(Collection entries)
++++++++++++++++++++

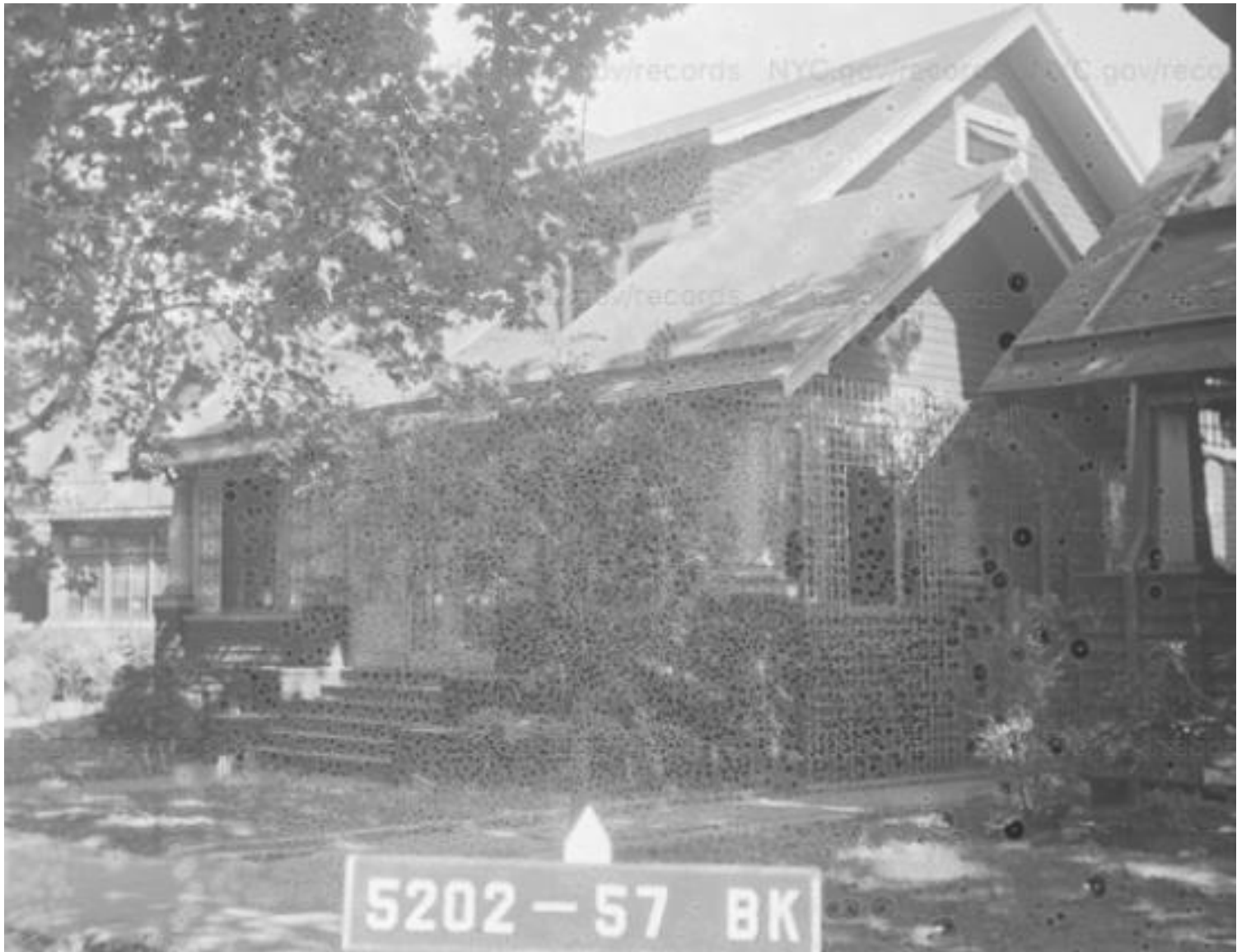
1940's Tax Photograph
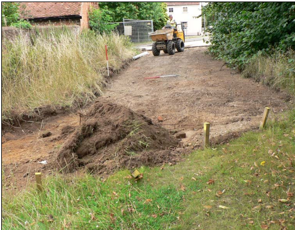
Soil stripped track area to southeast and outside yard wall
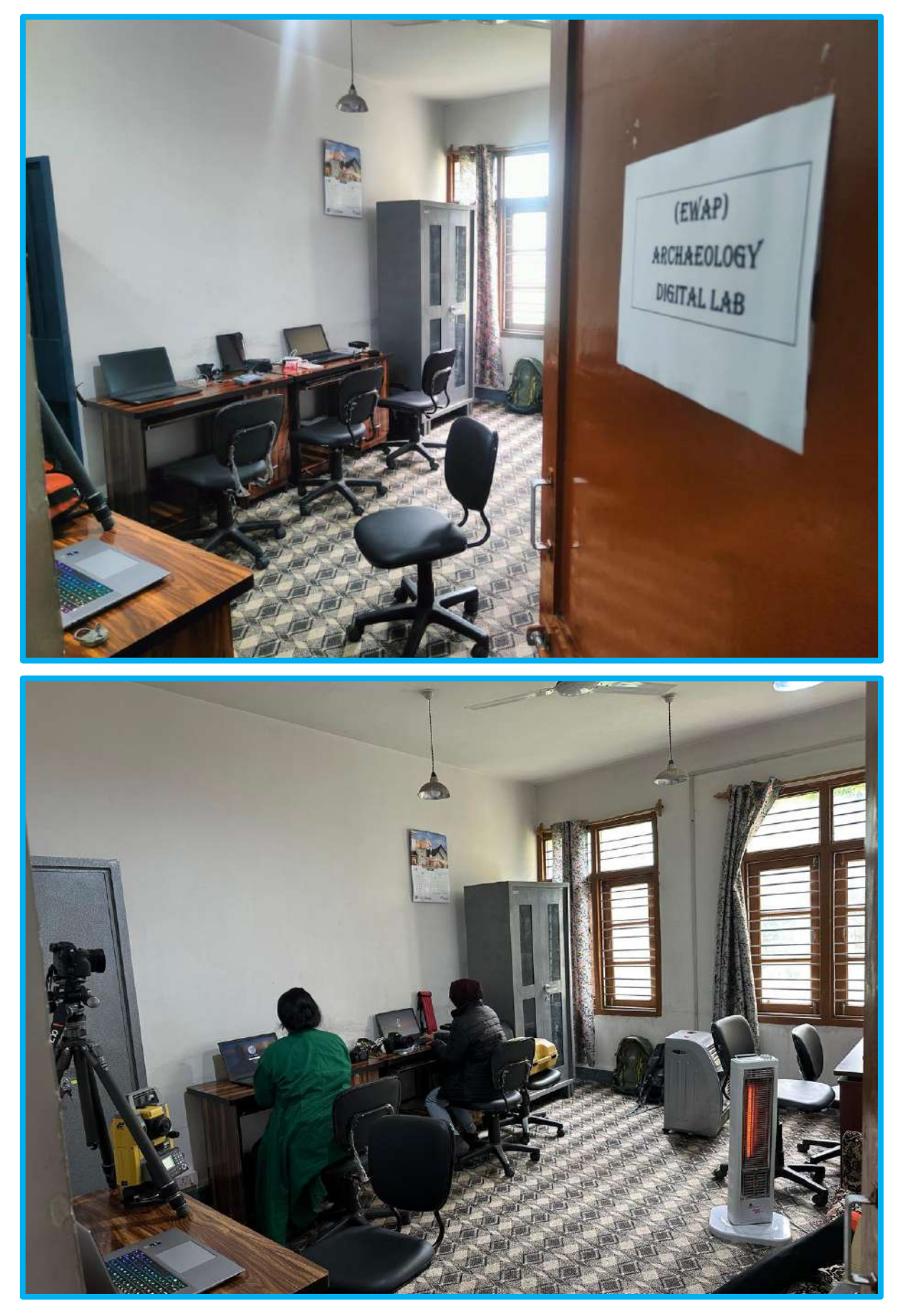
Endangered Wooden Architecture Program (Archaeology Digital Lab)
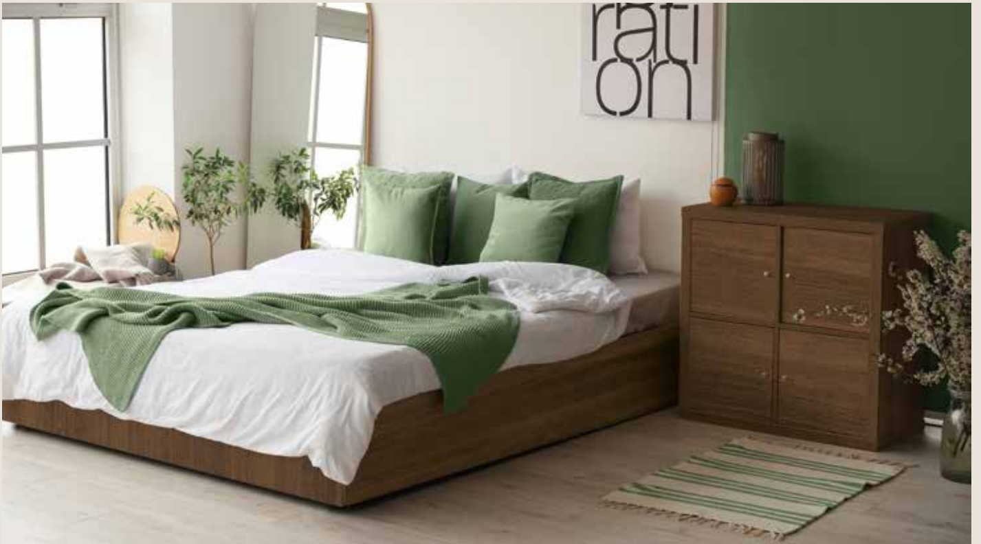
*Colors may vary, ask for samples.
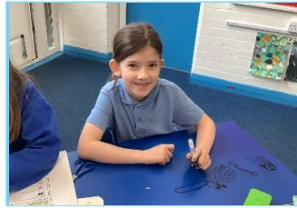
Bassenthwaite Science ClassDojo
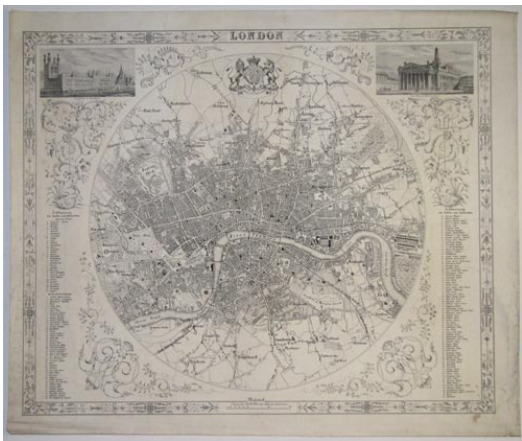
211. London. £420

Fox Maule-Ramsay (1801–74), 11th Earl of Dalhousie, was Lord Panmure between 1852 and 1860. Stock no: 7102
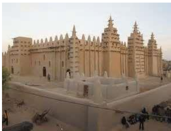
Pic. 2 : A mud mosque in Mali that contains no stereotyped elements of domes, minarets or onion arches

In modern times, architects can design buildings according to almost any language but they are pressed by clients to pursue the stereotyped ‘Middle-Eastern’ dome, arch and slender minarets. Whilst some architects do try to argue for a more modernistic and progressive language, their views are almost always vetoed by the committee. Some architects prefer to follow the client’s ‘Arabian Nights’ interpretation of mosque architecture because their fees are connected to the more expensive proposals of many domes and multiple minarets. This situation gives rise to the deepening problem
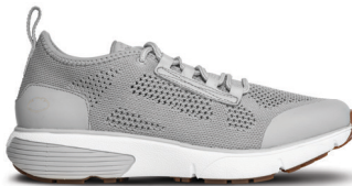
Diane Grey 10680
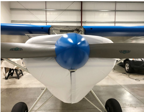
Bearhawk Patrol Engine Cover, test fit cover
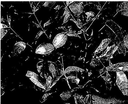
Figure 5. Premature shuck opening in 'Schley' (points). This disorder is sometimes referred to as "tulip disease." The disorder can occur in many other cultivars and especially in years of high fruit set. Photographed October 12, 1988, Perry, Georgia.

'Schley' precocity is similar to 'Stuart'; but yielding capacity as a mature tree is about 20% less than 'Stuart' (21). The
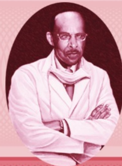
Vivien T. Thomas 1910-1985
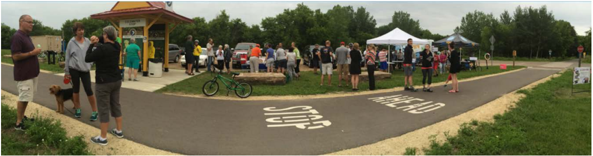
Above: Community members gather to celebrate the completion of the Brown's Creek Trail in Stillwater.
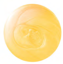
405 Sunshine and Daisies
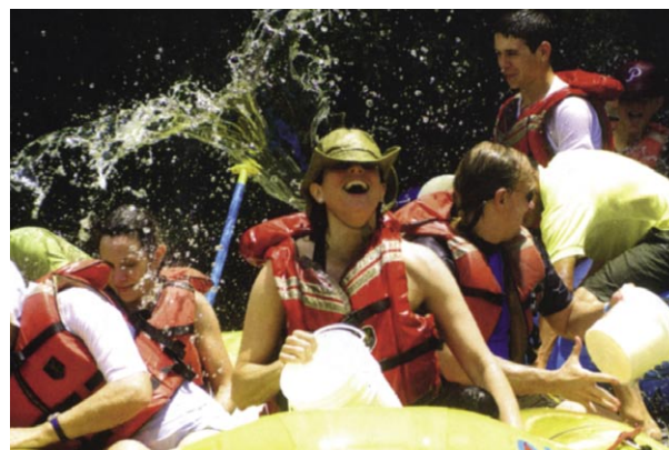
Rafting down a jungle river in Costa Rica

There were 10 different families on our tour with children ranging from age 8 to 17. They were accompanied by
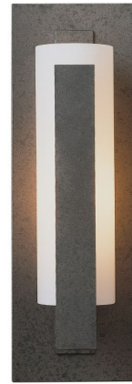
Shown in natural iron / opal

The Forged Tall Bar Wall Sconce brings a clean simple look to your interior space. A forged bar embraces the slim cylindrical glass diffuser. Limited lifetime warranty when installed in a residential setting. Handcrafted to order by skilled artisans in Vermont, USA.
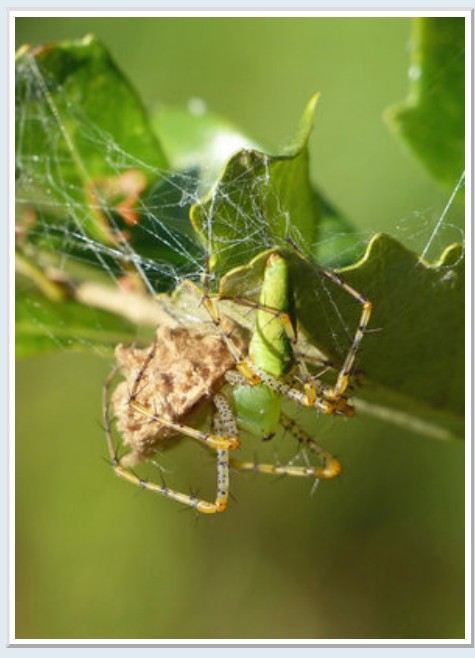
Green Lynx Spider (Peucetia viridans) – with egg sac
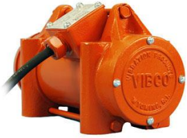
Heavy Duty Electrics
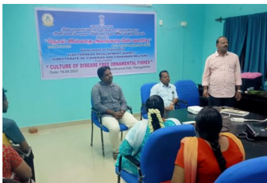
Attending Pondicherry Fisheries Dept. program
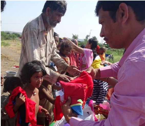
Clothes for deprived children during Diwali season

3,685 dropout females have been located. Parents of all of them were provided counseling, though only 30% of them agreed for the eyesight screening of their daughters.
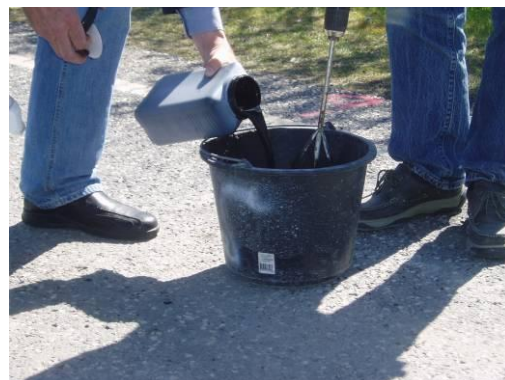
The emulsion is poured over the aggregate in the mixing container
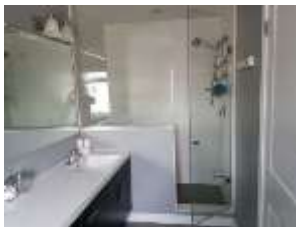
Pic. 13: Master bath
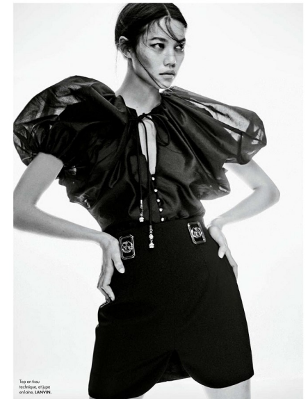
Top en tulle technique, et jupe en tulle, LANVIN.

++++++++++++++++++++

PROBLEM TO WORK ON: Within the entries, find each line holding the string "were". Reply with how many there are, as a number alone.

ANSWER TO THIS PROBLEM: 2